Am Sonntag ruderten Tino Kolitscher und Juliane Bläß, mein Teamkollegen vom Pararudern, die mit ihrem Trainer Herwig Ritter aus Halle angereist waren, ihr Training auf zusätzlich bereit gestellten Geräten und sorgten so für Abwechslung und mentale Unterstützung. Im Laufe der Woche gesellten sich auch Studiomitglieder oft vorübergehend dazu und ruderten auf den Ersatzgeräten zeitgleich ein paar Minuten mit.

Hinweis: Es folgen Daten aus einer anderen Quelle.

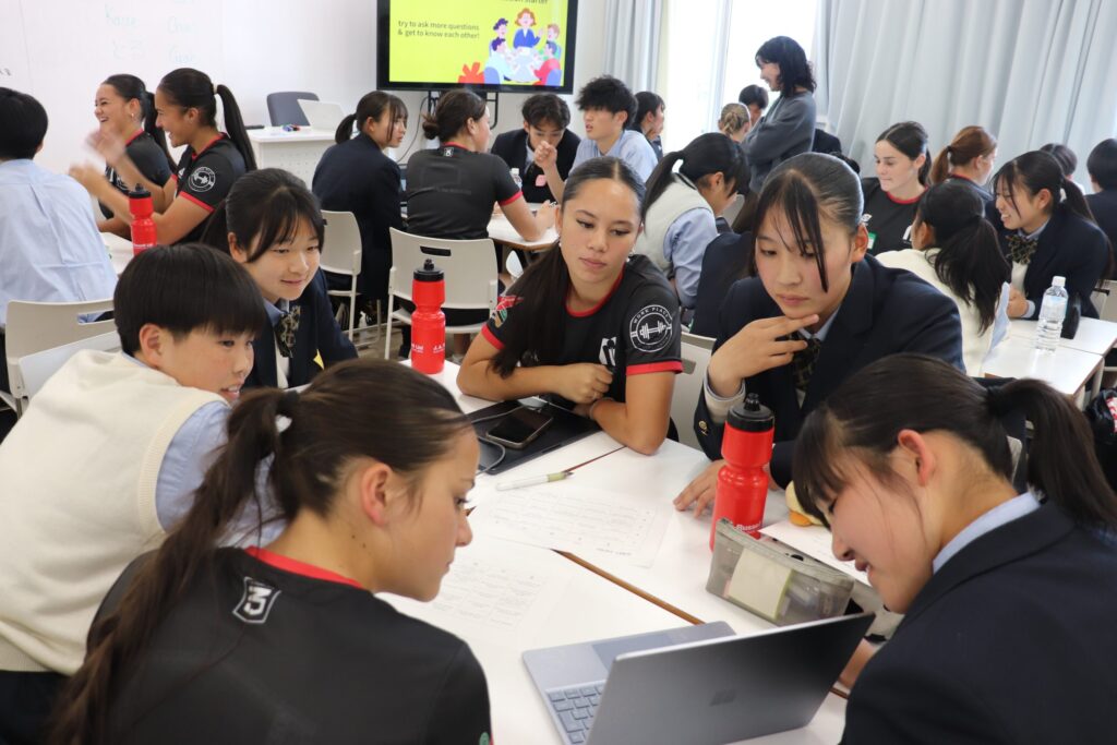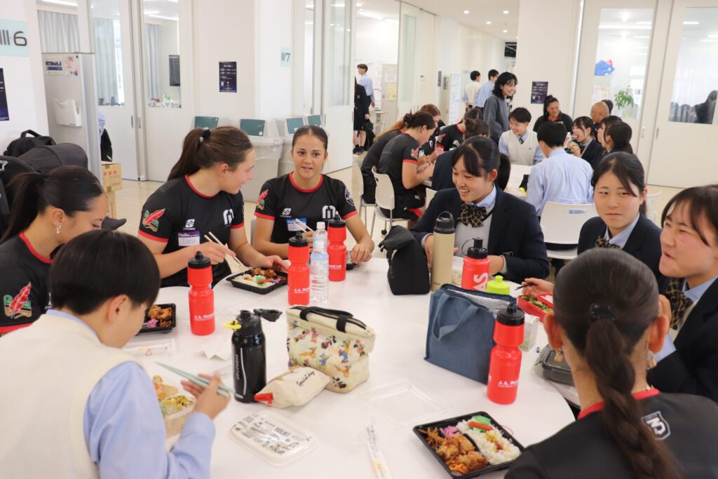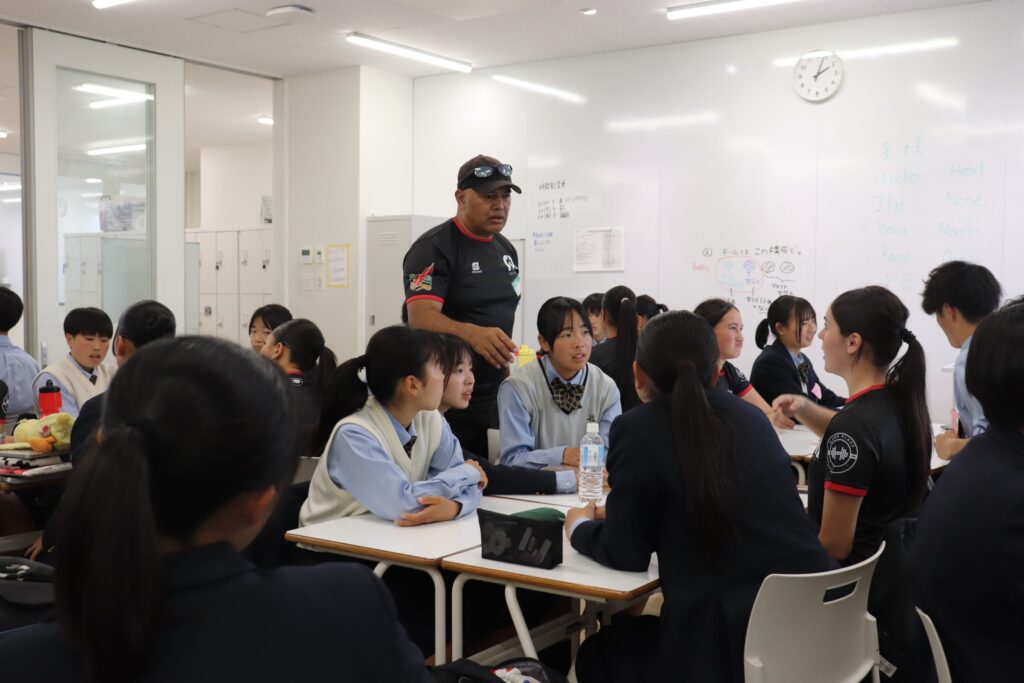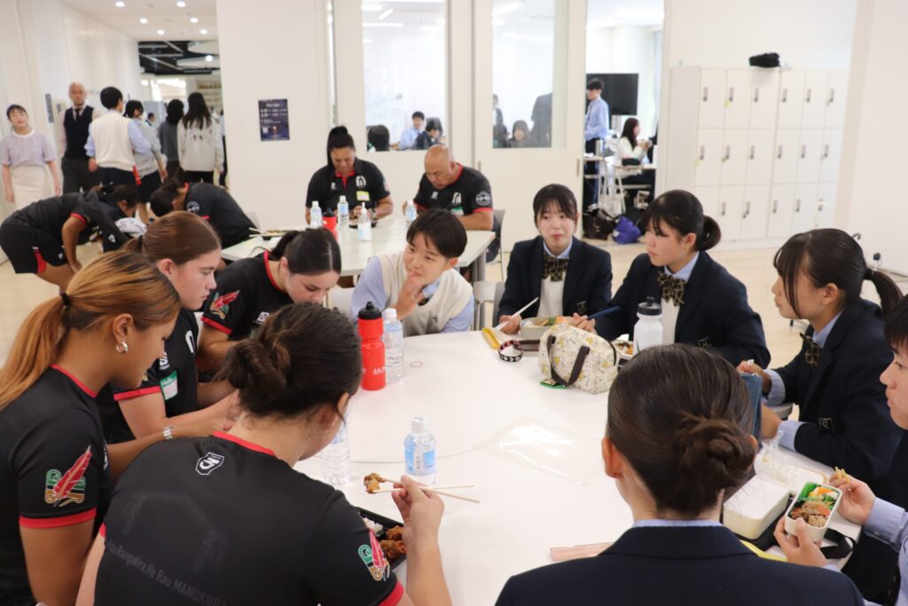 彼女たちは、来週福岡で開催されるサニックスワールドラグビーユース交流大会2026に出場するために来日し、2月にニュージーランドで交流した縁もあり、今回本校を訪問してくれました。

In der Sonntagnacht, also nach dem zweiten Tag traf Stuart Thorp ein und das Trio war komplett. Zu diesem Zeitpunkt hatte ich bereits 350 Kilometer zurückgelegt und nahm mir vor nach drei Tagen bei der Hälfte der Strecke angelangt zu sein. Dass sich danach das Tempo von ganz alleine weiter reduziert war eh allen klar.
Leider wurde aus einem Rekord über 24 Stunden für Stuart nichts. Der alte Rekord war extrem hoch und nach 5 Stunden war ihm klar, dass es nicht klappen würde. Stuart schwenkte aber sofort um und stand unterstützend im Support zur Verfügung.
Die Tage und Nächte ähnelten einander, nur die Tagesform der Ruderer war ab und zu recht unterschiedlich. Am Donnerstag den 20. Februar war vorauszusehen, dass ich im Laufe des Freitagnachmittages das Ziel erreichen würde. Für David sollte es noch etwas länger dauern.
Unter tosenden Applaus im Studio, bei Anwesenheit der lokalen Presse und auch vieler begeisterter Fans von außerhalb, die den Weltrekordversuch im Laufe der Woche verfolgt hatten, legte ich dann am 21. Februar um 16:26 den letzten Meter zurück und dies bedeutete nicht nur absolute Damen- Weltrekordzeit von 6 Tagen, 7 Stunden, 51 Minuten und 10 Sekunden, sondern es ist überhaupt das erste Mal, dass eine Frau diese Distanz geschafft hat. In den Listen ist er in den Klassen W 50 lwt und LTA W zu finden. Nur drei Männer waren bisher schneller, alle anderen brauchten länger. Für David war das Ziel am Sonntagmorgen gegen 2 Uhr erreicht, knapp vor seinem Heimflug. Auch für ihn ist es mit 7 Tagen, 17 Stunde, 32 Minuten und 11 Sekunden ein sehr gutes Ergebnis und bedeutet Gesamtrang 6 von nunmehr seit Nünchritz insgesamt neun weltweiten Finishern.
Die Ergebnisse wurden nach der mehrtägiger Auswertung in den USA seitens der Firma Concept2 offiziell bestätigt.